I now know why they call it the Flash Festival – because, quick as a flash, it comes around again! This will be the fourth year that I have the privilege to see the 3rd Year Acting Students at Northampton University perform their dissertation pieces, and I am looking forward to it very much! Like last year, there are twelve shows on offer for 2019, and the plan is that Mr Smallmind and I will get to see all of them. Whether I get them all reviewed during the week of the festival is a matter of extreme doubt!
The first show was Confiding in Frank, performed by Pop Theatre, in that comfortable big acting space upstairs at Castle Hill. In a tentative love story with a difference, Star Wars and DC comic nerd Gary and wannabe fashionista Chloe find themselves flat-sharing.
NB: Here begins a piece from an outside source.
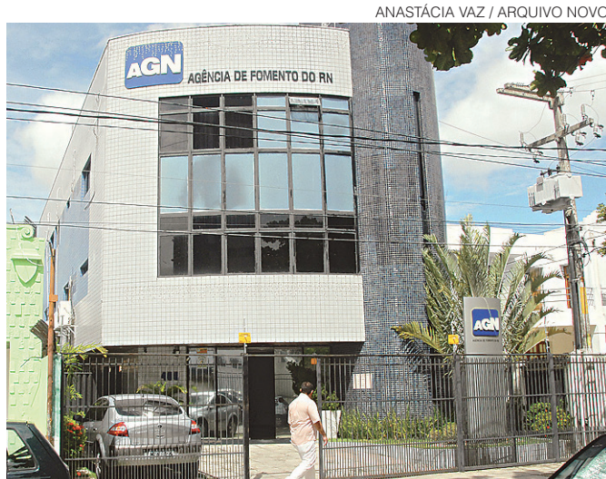
ANASTÁCIA VAZ / ARQUIVO NOVO

After a bumpy start Chloe starts to warm to him and Gary realises that he’s finally within touching distance of a girl! But how to win her over, that’s the question. Enter Frank, the third “person” in the flat-share – and does his wise-cracking advice help or hinder? You’ll have to see it to find out!
Written by and starring Charlie Mackenzie and Melissa Knott, this is a very funny, quirky and surreal little play that treads a fine line between the recognisably real and the utterly preposterous. Mr Mackenzie’s Gary is a child in an adult’s body, and he amusingly conveys his wacky virgin insecurities and his inability to do the right thing at the right time – for example, settling down for a cosy night for two on the sofa shouldn’t be marred by ecstatic couch-conducting the Star Wars Theme. I wondered at one stage whether Mr Mackenzie’s characterisation of Gary was a tad on the frenetic side and maybe not quite realistic enough; but then I remembered he was talking to a fish, so realism flies out the window anyway.
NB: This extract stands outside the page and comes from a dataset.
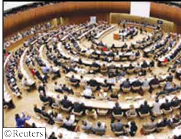
مجلس حقوق النسان

جنيف / سبغاني سبيها / رويترز: طالب مجلس حقوق الإنسان بالأمم المتحدة أمس الخميس إسرائيل برفع حصارها لغزة المستمر منذ أسبوع وعنف الدولة اليهودية بسبب وقوع انتهاكات في الأراضي الفلسطينية للمرة الثالثة منذ إنشاء المجلس عام 2006. وأقر المجلس الذي يضم 47 عضوا قرارا قدمته دول عربية وإسلامية بتأييد 30 دولة واعتراض دولة واحدة وامتناع 15 عن التصويت، وتعبير وفد واحد عن الجلسة. وقال محمد أبو كوش السفير الفلسطيني لدى الأمم المتحدة بجنيف خلال المحادثات التي جرت في جلسة طارئة خاصة عقدت لمناقشة الأوضاع في الأراضي الفلسطينية إن حصار إسرائيل لغزة وغارتها الجوية هي «جرائم حرب». ومضى يقول «أمل أن يساعد القرار على حشد ضغوط دولية واتخاذ إجراءات لرفع الحصار الإسرائيلي وإعادة

Melissa Knott plays Chloe as a frazzled, easily weirded-out, world-weary kind of girl, who’s looking for kindness and understanding – but instead gets a Games Workshop Luke Skywalker. She’s at her happiest when contemplating her career development, rather than coping with an over-exuberant IT oaf who knows nothing of the etiquette of romance. Both performances lean slightly more towards caricature than characterisation, but that’s not inappropriate for the subject matter. Backstage Elliot Murray provides the voice of the streetwise and sarcastic Frank, who has most of the best lines, including the most suggestive activity deriving from a Box of Heroes sweets that I’ve ever heard. Frank is perhaps a distant cousin of Little Shop of Horrors‘ Audrey II, and gives us lots of laugh out loud moments.
Technically there were a couple of minor hitches – Mr Mackenzie’s light sabre fell apart and thwacked Mr Smallmind on the knee (he won’t sue) and in Gary’s relentless enthusiasm for physical recklessness, Mr Mackenzie knocked over a tub of fish food which stayed there, ominously, throughout the performance. However, the cast remained completely unfazed by these issues, so top marks to them.
Spoiler alert, but it’s not a happy ever after ending for our two lovebirds; and I found myself surprisingly moved and disappointed by that. After all the effort he makes, you would have thought Gary could have had some reward on Valentine’s night!
An enjoyably bizarre 45 minutes – congratulations to all involved!